┌─ RECORDS PROVIDED

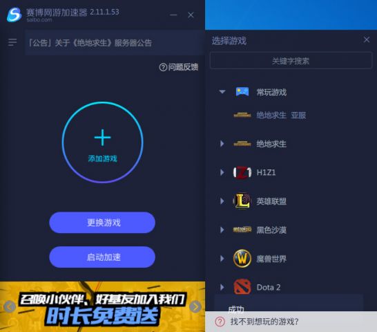 賽博加速器專注于游戲加速,為廣大玩家提供穩(wěn)定快速的游戲環(huán)境,有效防止高延遲、易掉線、登錄難等游戲常見問題,讓玩家登陸游戲更順暢。吃雞中的亞服、日韓服、東南亞等都可以流暢運(yùn)行,大吉大利,晚上吃雞。
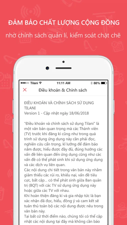 - Cam kết tuân thủ Điều khoản, chính sách và các chuẩn mực ứng xử mà Ban Quản trị của ứng dụng Tilani đề ra cũng như các nguyên tắc ứng xử văn minh lịch sự theo chuẩn mực chung của
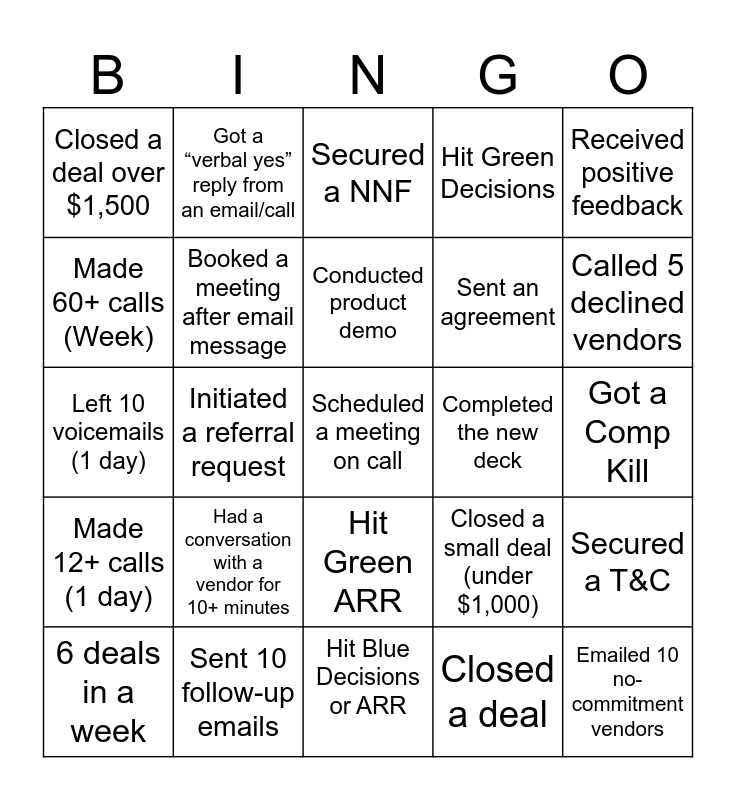 This bingo card has 25 words: Made 12+ calls (1 day), Sent 10 follow-up emails, Scheduled a meeting on call, Closed a deal, Received positive feedback, Closed a deal over $1,500, Got a “verbal yes” reply from an email/call, Secured a NNF, Completed the new deck, Secured a T&C, Made 60+ calls (Week), Booked a meeting after email message, Hit Blue Decisions or ARR, Closed a small deal (under $1,000), Called 5 declined vendors, 6 deals in a week, Initiated a referral request, Conducted product demo, Sent an agreement, Got a Comp Kill, Left 10 voicemails (1 day), Had a conversation with a vendor for 10+ minutes, Hit Green ARR, Hit Green Decisions and Emailed 10 no-commitment vendors.
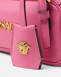 The Versace Tag bowling mini bag is crafted from ultra-soft nappa leather. The accessory is accented by metal Versace lettering and can be carried in-hand or worn crossbody by the adjustable shoulder stap. A removable leather tag keychain with Medusa hardware completes the design. - Medusa hardware - Versace Logo lettering - Top zip closure - Adjustable top handles - Adjustable shoulder strap - Removable keychain tag - Outer composition: 100% Lambskin - Lining: 100% Polyester Size & Fit - L7.5 x W3.3 x H3.3" / L19 x W8.5 x H8.5 cm - Handle drop: L5.1" / L13 cm - Shoulder strap: L43.3-45.3-47.2" / L110-115-120 cm - Shoulder strap drop: L20.7-21.8-22.6" / L52.5-55-57.5 cm - Approximate weight: 7.1 oz / 0.2 kg Item: 1019178-1A13171_DTU_UNICA_1PV9V__
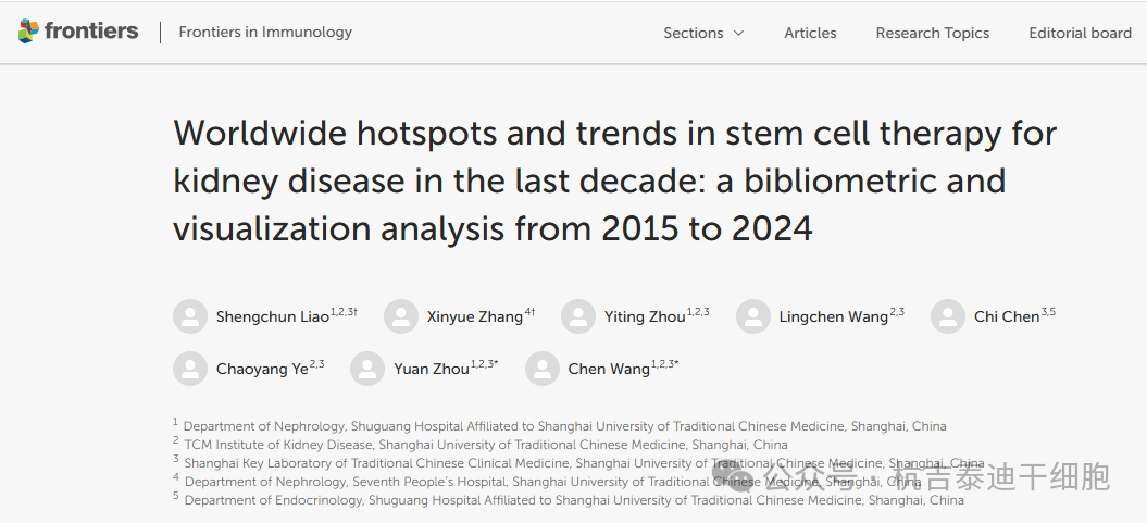 在此背景下,近期,上海中醫藥大學附屬曙光醫院腎內科聯合上海中醫藥大學中醫腎病研究所等機構團隊,在國際權威期刊《Frontiers in Immunology》上發表了題為“近十年全球腎臟疾病干細胞治療熱點與趨勢:2015年至2024年的文獻計量與可視化分析”的研究綜述。
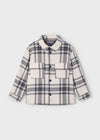 - Plaid flannel overshirt in blue and grey hues with button-down front and chest pockets
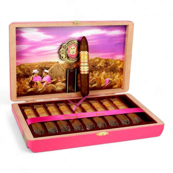 Arturo Fuente’s Rare Pink Vintage “Happy Ending” is a nostalgic journey back to the golden era of wrapper artistry. Rolled using pink-hued, stogie-era wrappers preserved from the 1960s, these cigars deliver taste and texture unlike anything modern production can replicate.
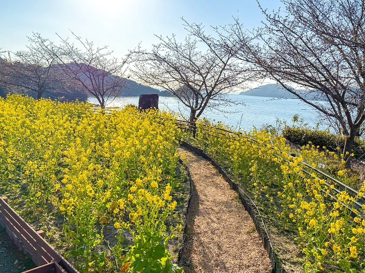 連日寒い日が続いておりますが、下松市笠戸島・潮風ガーデンでは菜の花が見頃を迎え、河津桜も少しずつ咲き始めました。
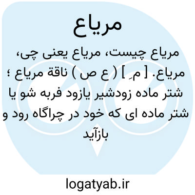 لغت نامه دهخدا مریاع. [ م ِ ] ( ع ص ) ناقة مریاع؛ شتر ماده زودشیر یازود فربه شو یا شتر ماده ای که خود در چراگاه رود و بازآید بدون راعی. ( منتهی الارب ) ( از اقرب الموارد ).
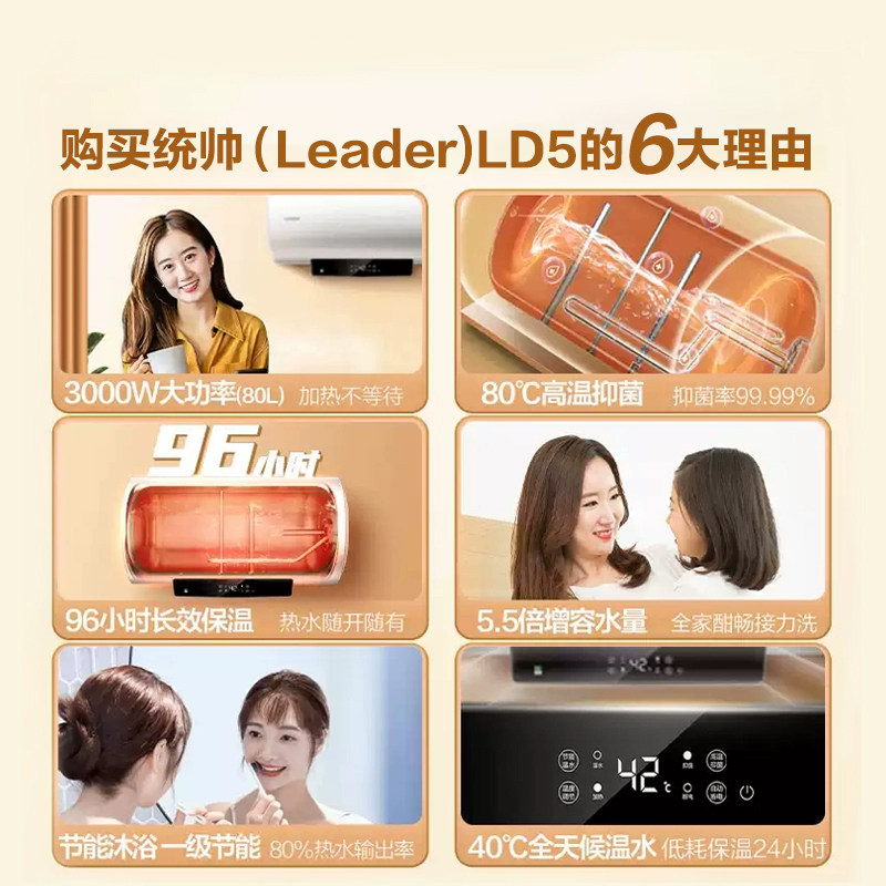 海尔出品统帅电热水器洗澡家用卫生间速热节能大容量LD5官方
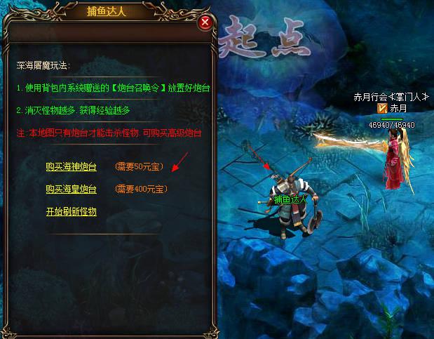 玩家还可以在【捕鱼达人】NPC购买炮台召唤令。
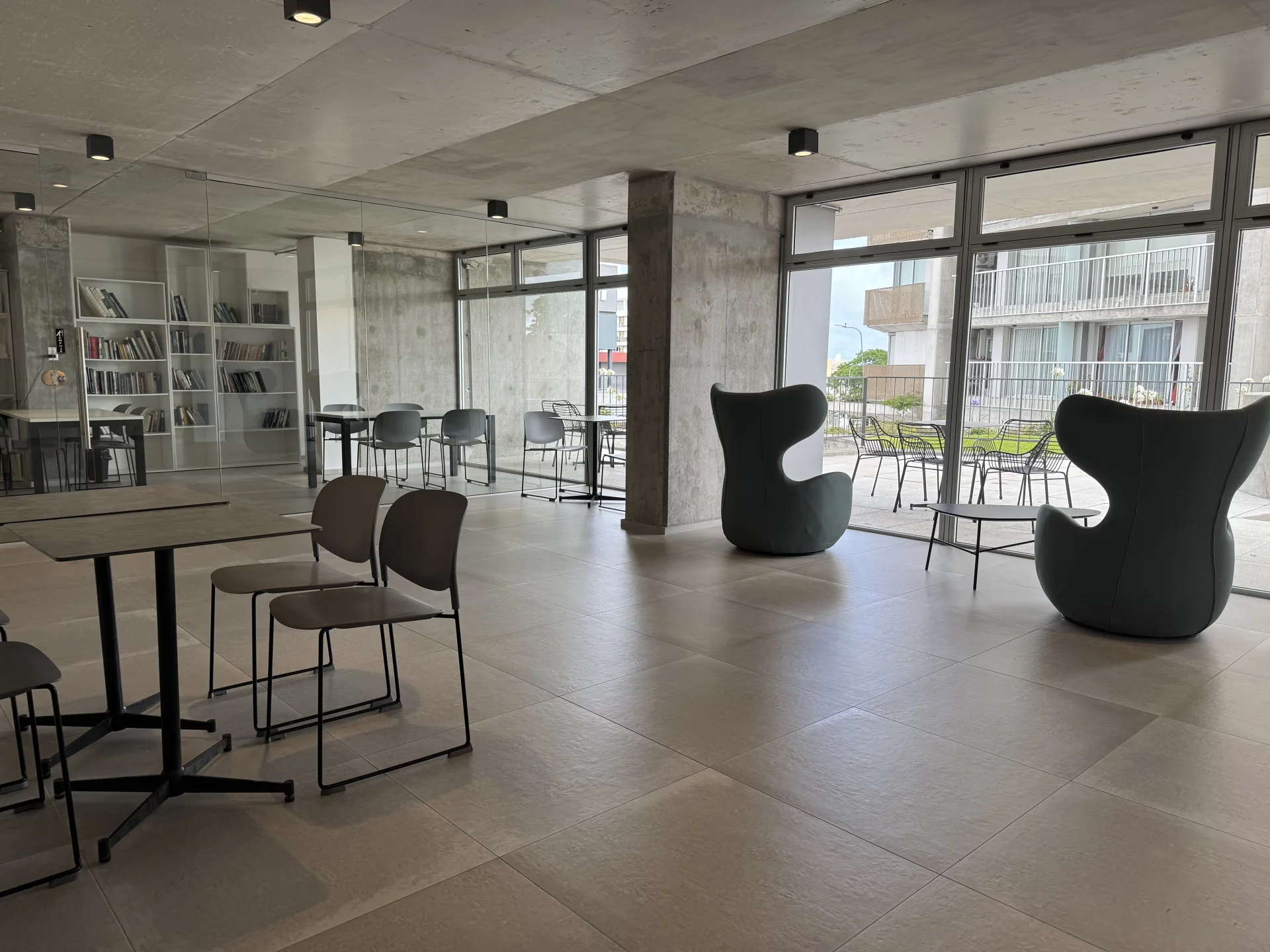 El edificio cuenta con laundry, co-work, barbacoa, servicio de dispensador de agua, vigilancia 24 hs

└─

*EXERCISE DIRECTIONS*. Write out exactly the lines between the start of the data and the line with "- Cam kết tuân", including both, but none of the pictures.

*FINISHED EXERCISE*.
 賽博加速器專注于游戲加速,為廣大玩家提供穩(wěn)定快速的游戲環(huán)境,有效防止高延遲、易掉線、登錄難等游戲常見問題,讓玩家登陸游戲更順暢。吃雞中的亞服、日韓服、東南亞等都可以流暢運(yùn)行,大吉大利,晚上吃雞。
 - Cam kết tuân thủ Điều khoản, chính sách và các chuẩn mực ứng xử mà Ban Quản trị của ứng dụng Tilani đề ra cũng như các nguyên tắc ứng xử văn minh lịch sự theo chuẩn mực chung của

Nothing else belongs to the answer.